- _Exercise goal_:
The range to repeat runs from the line with "Fixu na bílou" to the last line below, both ends included; give it exactly and without pictures.

- _Data excerpt_:

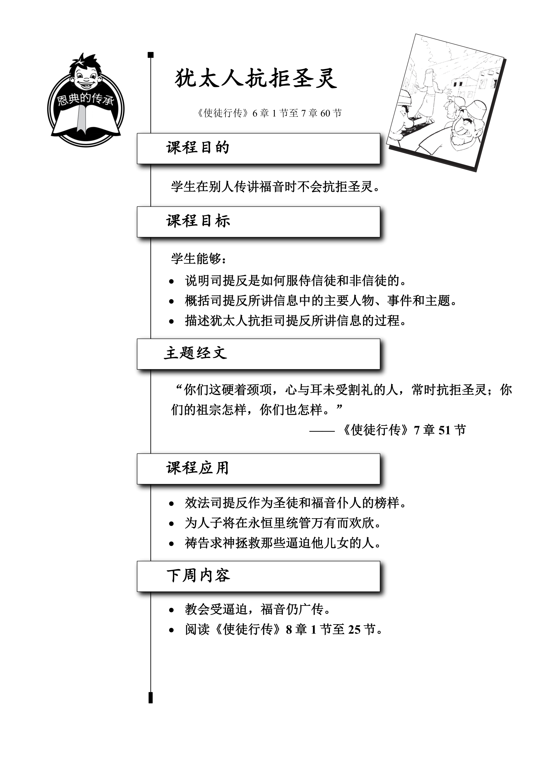 第6课:犹太人抗拒圣灵 预备真理 “你们要将我这话存在心内,留在意中……也要这样教训你们的儿女……”——《申命记》11章18节至19节 请花时间来准备你的心思意念,按着正意分解真理的道(提后2:15)
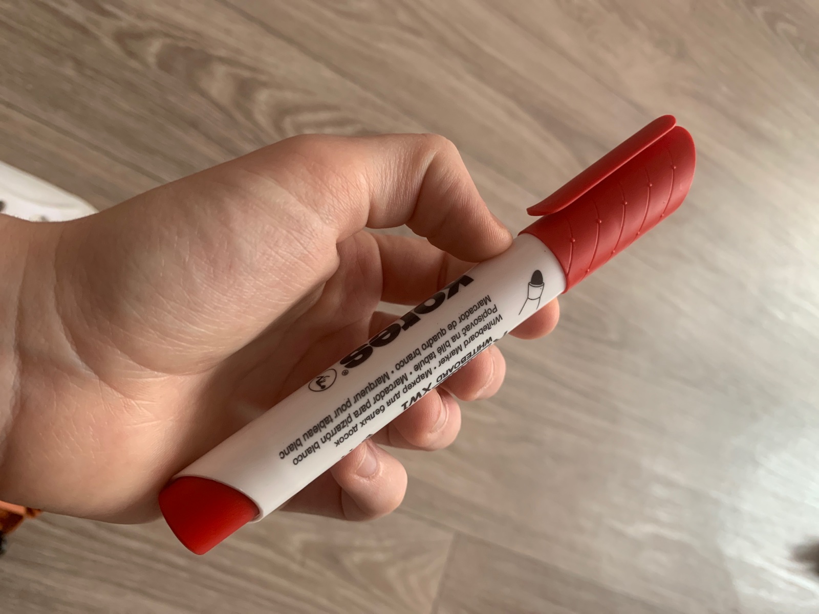Fixu na bílou tabuli jsem z oblečení nedostala, ale naštěstí to je jen domácí oblečení, tak jsem to urputně dolu teda nedávala...
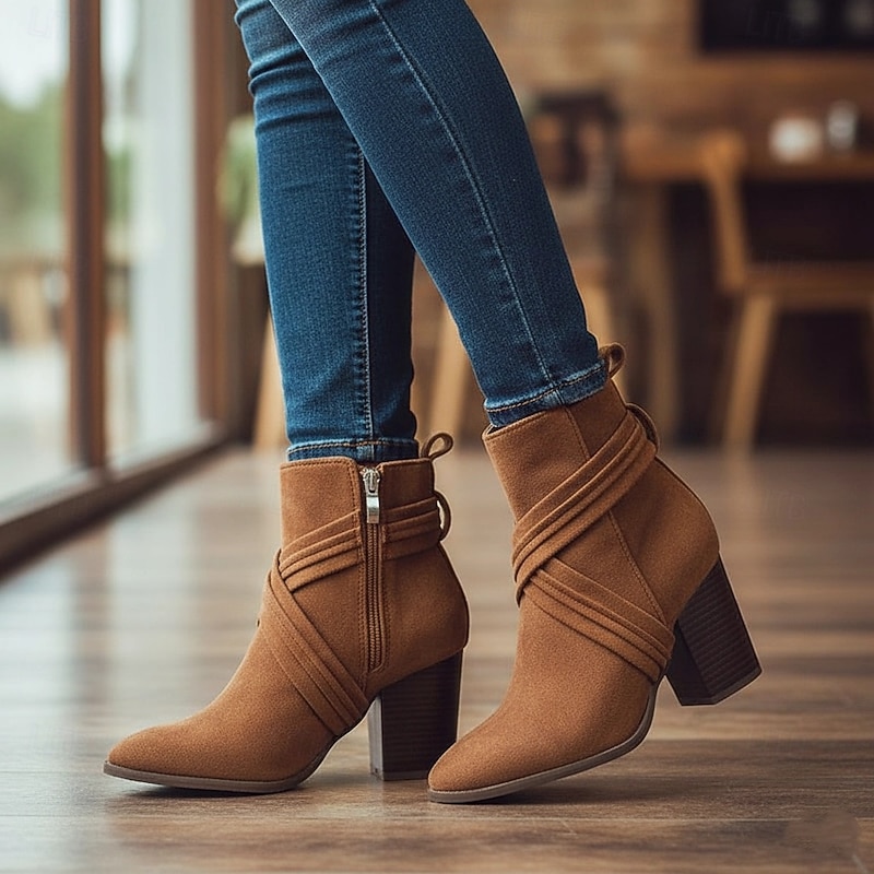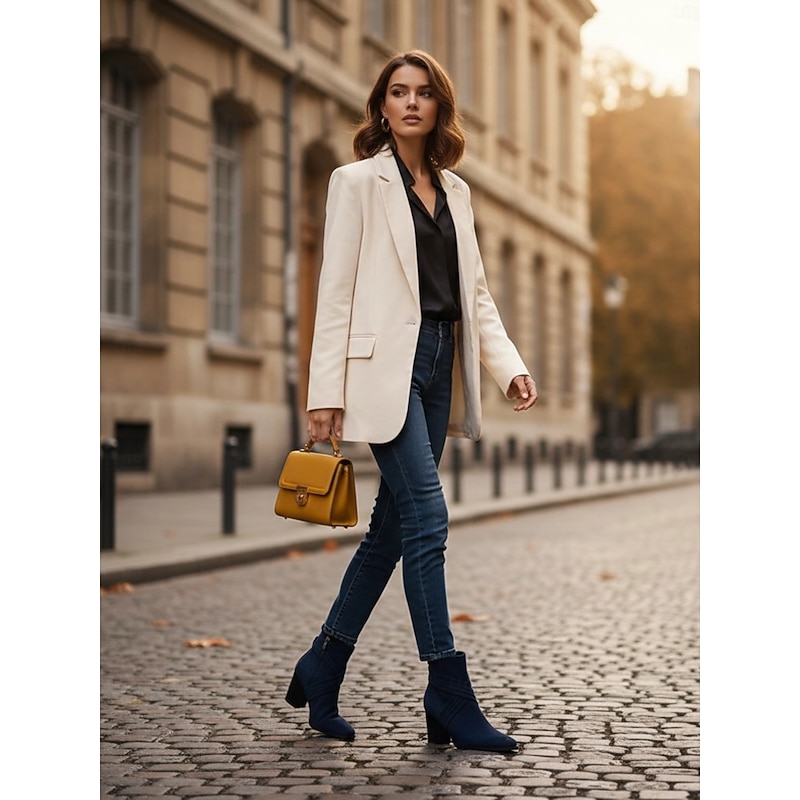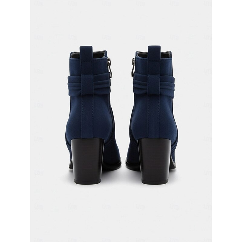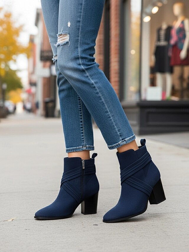 Women's Blue Suede Ankle Boots – Stylish Block Heel Short Booties with Side Zipper for Casual Fall and Winter Outfits 14

- _Answer for this exercise_:
Fixu na bílou tabuli jsem z oblečení nedostala, ale naštěstí to je jen domácí oblečení, tak jsem to urputně dolu teda nedávala...
 Women's Blue Suede Ankle Boots – Stylish Block Heel Short Booties with Side Zipper for Casual Fall and Winter Outfits 14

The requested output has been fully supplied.